Your objective: Retype the lines below exactly, but only those from the line that has "Enrosque cuidadosamente la" through the line that has "关于拟列入第二批重庆市传统村落名录的村落名单的". Omit every picture.

Source material:
○ ○ ○ ○
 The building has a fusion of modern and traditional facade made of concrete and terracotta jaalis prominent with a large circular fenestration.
○ ○ ○ ○
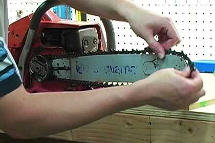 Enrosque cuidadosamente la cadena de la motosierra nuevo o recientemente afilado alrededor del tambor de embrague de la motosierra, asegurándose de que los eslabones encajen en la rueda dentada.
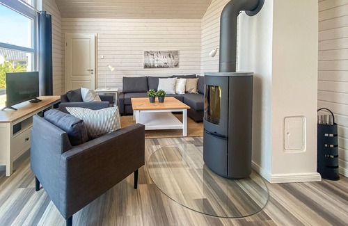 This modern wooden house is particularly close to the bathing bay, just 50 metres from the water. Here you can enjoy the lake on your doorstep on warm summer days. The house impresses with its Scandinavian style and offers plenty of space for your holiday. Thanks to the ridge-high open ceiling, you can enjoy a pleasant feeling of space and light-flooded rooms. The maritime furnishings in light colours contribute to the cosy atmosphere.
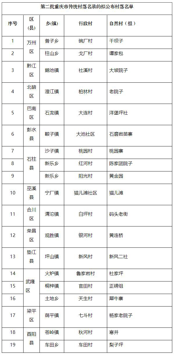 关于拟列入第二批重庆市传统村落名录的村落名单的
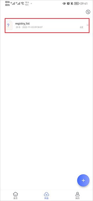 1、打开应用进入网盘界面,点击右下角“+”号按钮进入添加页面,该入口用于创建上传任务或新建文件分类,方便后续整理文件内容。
○ ○ ○ ○
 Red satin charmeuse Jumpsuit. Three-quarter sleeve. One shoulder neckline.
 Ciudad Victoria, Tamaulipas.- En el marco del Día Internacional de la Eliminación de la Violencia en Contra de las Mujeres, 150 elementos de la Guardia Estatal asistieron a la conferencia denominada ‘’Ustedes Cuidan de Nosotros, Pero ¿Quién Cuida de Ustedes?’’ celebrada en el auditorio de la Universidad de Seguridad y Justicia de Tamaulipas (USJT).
○ ○ ○ ○
Answer space:
 Enrosque cuidadosamente la cadena de la motosierra nuevo o recientemente afilado alrededor del tambor de embrague de la motosierra, asegurándose de que los eslabones encajen en la rueda dentada.
 This modern wooden house is particularly close to the bathing bay, just 50 metres from the water. Here you can enjoy the lake on your doorstep on warm summer days. The house impresses with its Scandinavian style and offers plenty of space for your holiday. Thanks to the ridge-high open ceiling, you can enjoy a pleasant feeling of space and light-flooded rooms. The maritime furnishings in light colours contribute to the cosy atmosphere.
 关于拟列入第二批重庆市传统村落名录的村落名单的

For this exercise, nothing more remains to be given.